*EXTRACTED RECORDS*:
■ ■ ■ ■

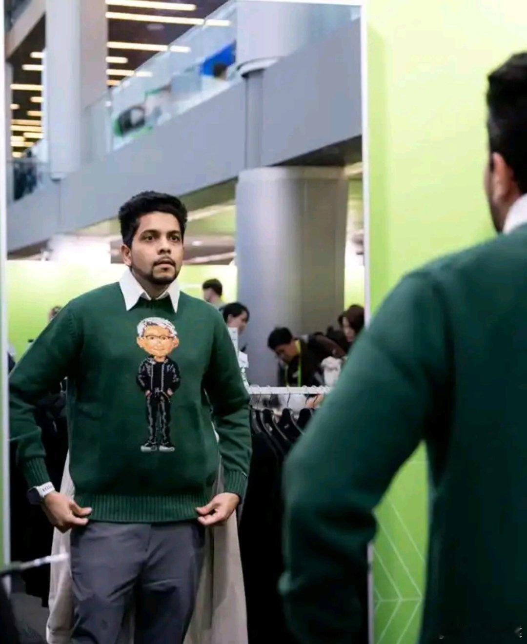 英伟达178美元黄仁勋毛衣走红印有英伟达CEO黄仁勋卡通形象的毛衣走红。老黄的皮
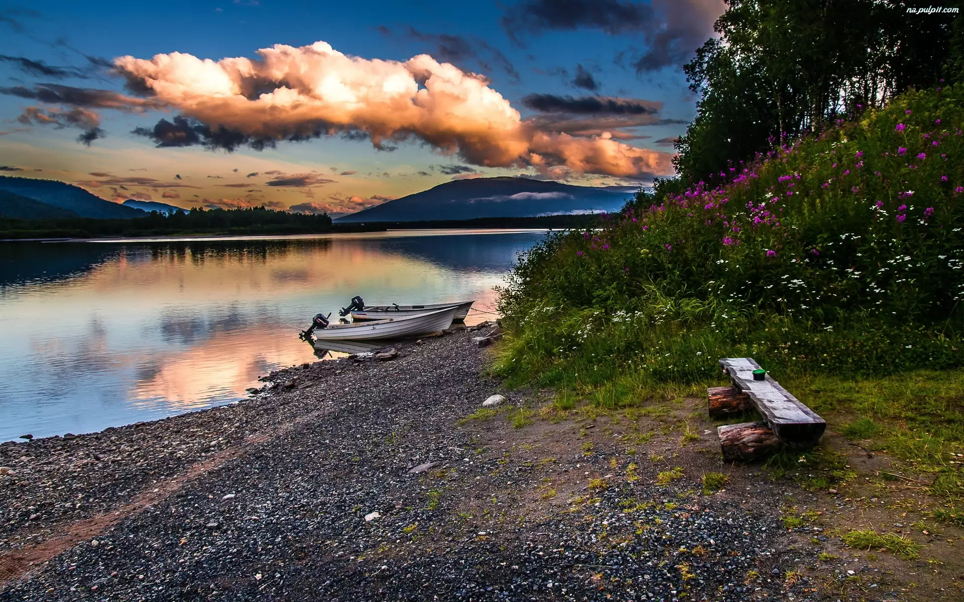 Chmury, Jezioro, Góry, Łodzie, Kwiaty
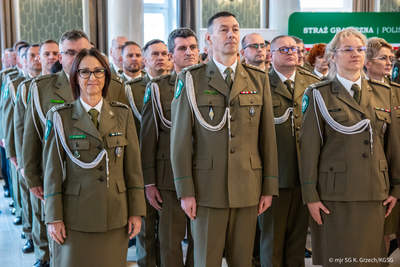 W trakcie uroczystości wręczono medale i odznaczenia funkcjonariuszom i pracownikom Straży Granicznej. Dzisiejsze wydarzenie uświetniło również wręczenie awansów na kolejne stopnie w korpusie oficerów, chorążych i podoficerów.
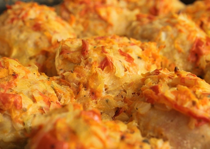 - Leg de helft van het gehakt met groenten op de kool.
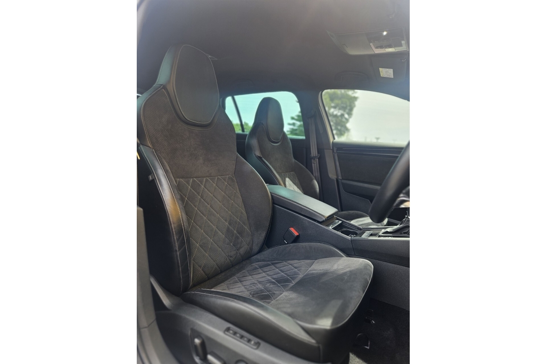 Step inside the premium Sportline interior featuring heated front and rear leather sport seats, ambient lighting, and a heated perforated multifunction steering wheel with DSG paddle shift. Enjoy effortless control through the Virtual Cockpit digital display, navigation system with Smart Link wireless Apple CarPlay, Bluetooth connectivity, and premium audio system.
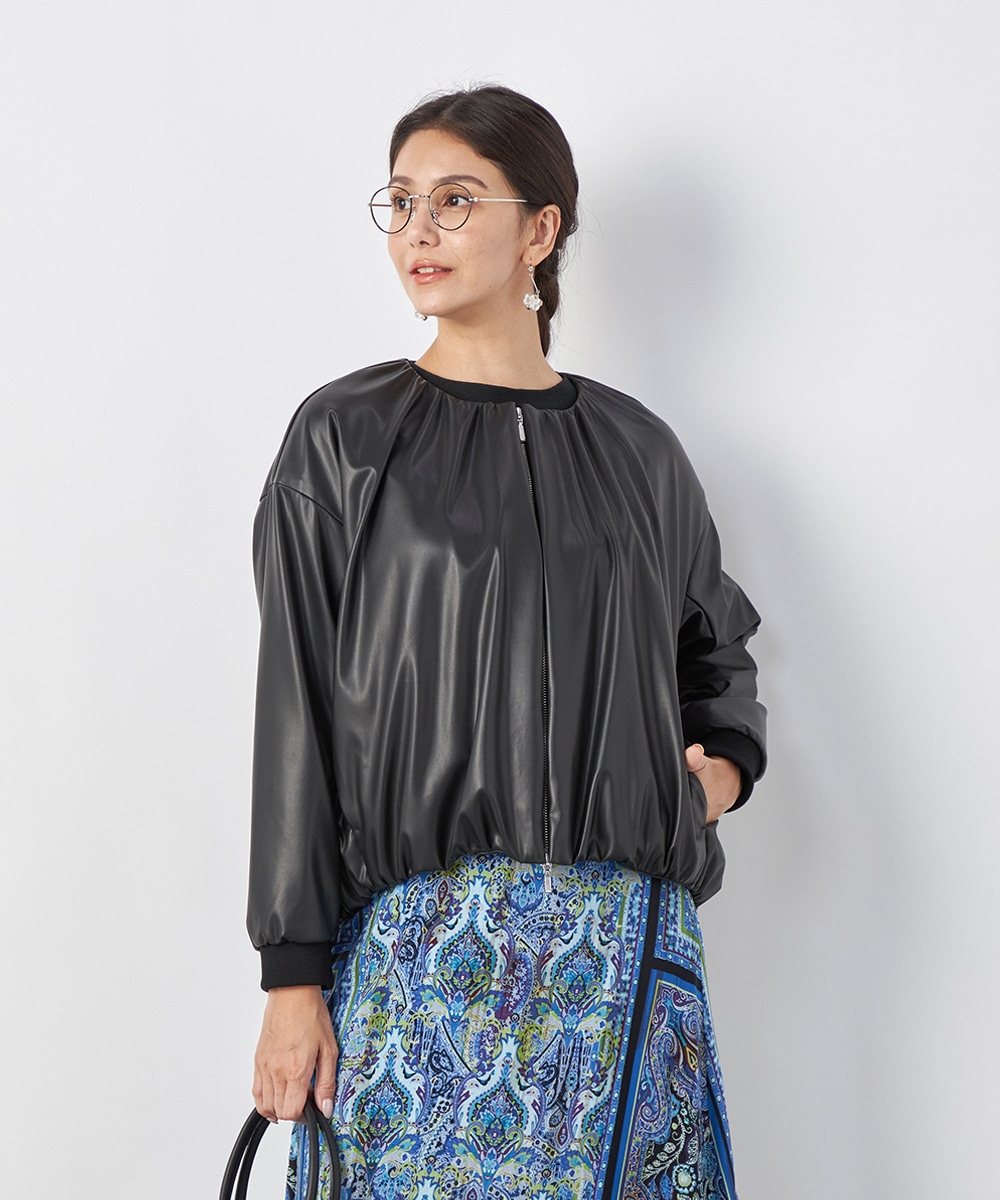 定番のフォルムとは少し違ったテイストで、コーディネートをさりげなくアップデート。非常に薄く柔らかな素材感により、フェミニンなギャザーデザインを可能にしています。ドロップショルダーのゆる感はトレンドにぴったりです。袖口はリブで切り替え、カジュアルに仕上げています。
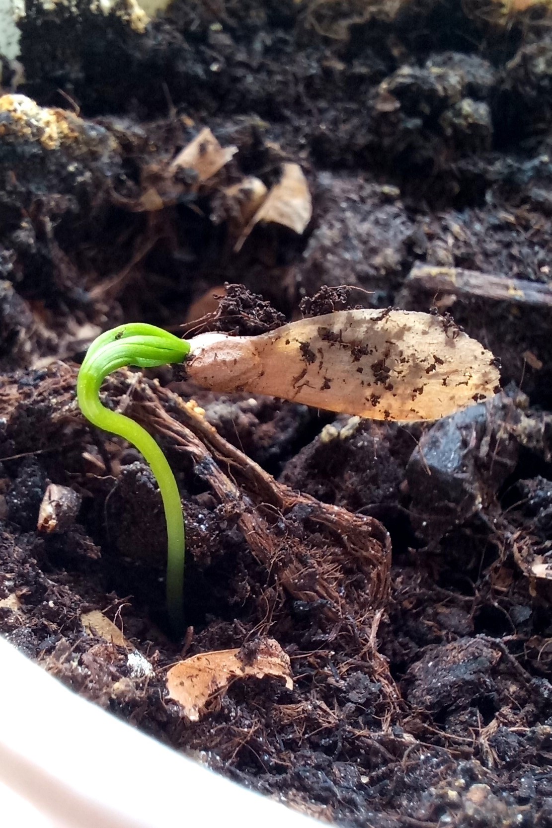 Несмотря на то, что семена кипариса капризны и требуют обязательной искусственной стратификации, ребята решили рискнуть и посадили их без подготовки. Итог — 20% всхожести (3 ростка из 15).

■ ■ ■ ■

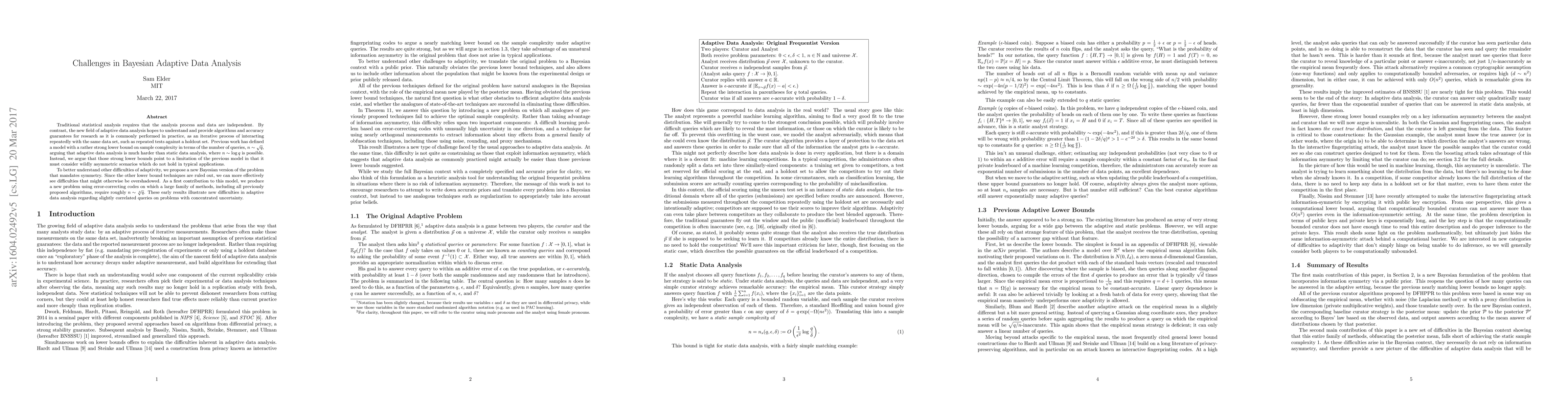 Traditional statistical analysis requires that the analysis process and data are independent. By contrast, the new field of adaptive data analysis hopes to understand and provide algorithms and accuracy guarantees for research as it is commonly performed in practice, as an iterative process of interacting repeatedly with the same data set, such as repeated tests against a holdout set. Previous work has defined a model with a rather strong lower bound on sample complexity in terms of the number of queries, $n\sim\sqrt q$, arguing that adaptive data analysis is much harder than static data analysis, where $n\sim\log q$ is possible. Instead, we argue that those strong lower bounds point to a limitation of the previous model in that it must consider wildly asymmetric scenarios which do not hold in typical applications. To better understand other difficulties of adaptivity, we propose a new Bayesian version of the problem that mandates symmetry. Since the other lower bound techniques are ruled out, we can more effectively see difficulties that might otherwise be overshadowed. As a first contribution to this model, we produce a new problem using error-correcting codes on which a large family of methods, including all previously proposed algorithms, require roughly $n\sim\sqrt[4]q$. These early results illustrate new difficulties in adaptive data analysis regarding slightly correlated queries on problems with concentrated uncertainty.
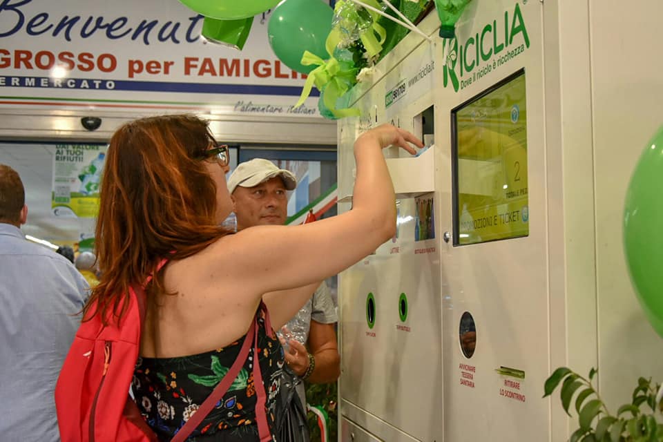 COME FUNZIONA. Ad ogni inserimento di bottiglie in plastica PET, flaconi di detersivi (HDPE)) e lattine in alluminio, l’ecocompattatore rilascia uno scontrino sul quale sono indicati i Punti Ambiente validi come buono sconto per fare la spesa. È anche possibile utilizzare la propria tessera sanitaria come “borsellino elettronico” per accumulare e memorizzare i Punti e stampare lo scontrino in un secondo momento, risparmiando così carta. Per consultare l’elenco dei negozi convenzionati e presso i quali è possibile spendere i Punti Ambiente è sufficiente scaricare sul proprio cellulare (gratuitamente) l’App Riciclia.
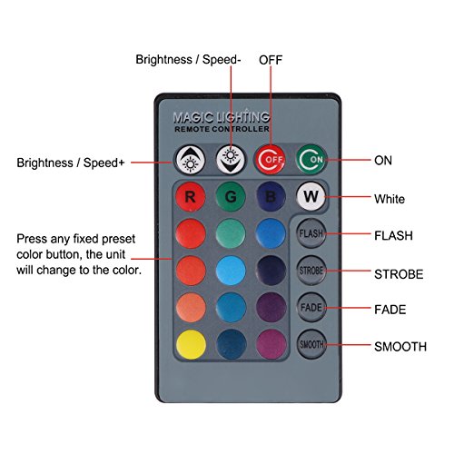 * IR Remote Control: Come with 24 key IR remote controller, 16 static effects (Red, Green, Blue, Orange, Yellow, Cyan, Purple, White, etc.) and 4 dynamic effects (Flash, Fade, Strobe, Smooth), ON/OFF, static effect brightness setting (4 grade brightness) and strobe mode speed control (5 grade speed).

■ ■ ■ ■

*WHAT THE TASK REQUIRES*: Beginning at the line that has "COME FUNZIONA. Ad" and ending at the line that has "(5 grade speed).", restate the listing above word for word, pictures left out.

*WORKED SOLUTION*:
 COME FUNZIONA. Ad ogni inserimento di bottiglie in plastica PET, flaconi di detersivi (HDPE)) e lattine in alluminio, l’ecocompattatore rilascia uno scontrino sul quale sono indicati i Punti Ambiente validi come buono sconto per fare la spesa. È anche possibile utilizzare la propria tessera sanitaria come “borsellino elettronico” per accumulare e memorizzare i Punti e stampare lo scontrino in un secondo momento, risparmiando così carta. Per consultare l’elenco dei negozi convenzionati e presso i quali è possibile spendere i Punti Ambiente è sufficiente scaricare sul proprio cellulare (gratuitamente) l’App Riciclia.
 * IR Remote Control: Come with 24 key IR remote controller, 16 static effects (Red, Green, Blue, Orange, Yellow, Cyan, Purple, White, etc.) and 4 dynamic effects (Flash, Fade, Strobe, Smooth), ON/OFF, static effect brightness setting (4 grade brightness) and strobe mode speed control (5 grade speed).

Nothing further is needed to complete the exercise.